- _PROBLEM STATEMENT_
Report the number of lines in these entries that contain "with". Write only the number.

- _MATERIAL TO PROCESS_
━━━━━━━━━━
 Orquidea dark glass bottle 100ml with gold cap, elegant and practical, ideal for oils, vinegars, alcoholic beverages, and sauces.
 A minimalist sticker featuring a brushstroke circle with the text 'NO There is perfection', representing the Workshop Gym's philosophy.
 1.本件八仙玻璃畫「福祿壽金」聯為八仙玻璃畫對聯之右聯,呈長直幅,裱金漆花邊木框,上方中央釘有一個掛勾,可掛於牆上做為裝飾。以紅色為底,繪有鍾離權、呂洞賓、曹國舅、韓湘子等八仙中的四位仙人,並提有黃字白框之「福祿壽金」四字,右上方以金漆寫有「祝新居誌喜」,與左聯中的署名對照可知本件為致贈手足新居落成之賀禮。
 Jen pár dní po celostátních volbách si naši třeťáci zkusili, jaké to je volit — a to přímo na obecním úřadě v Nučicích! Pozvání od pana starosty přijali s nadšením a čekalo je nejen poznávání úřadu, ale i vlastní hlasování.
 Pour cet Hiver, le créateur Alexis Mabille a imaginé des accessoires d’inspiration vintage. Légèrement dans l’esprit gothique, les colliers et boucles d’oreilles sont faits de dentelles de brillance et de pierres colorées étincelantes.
━━━━━━━━━━
- _EXPECTED ANSWER_
2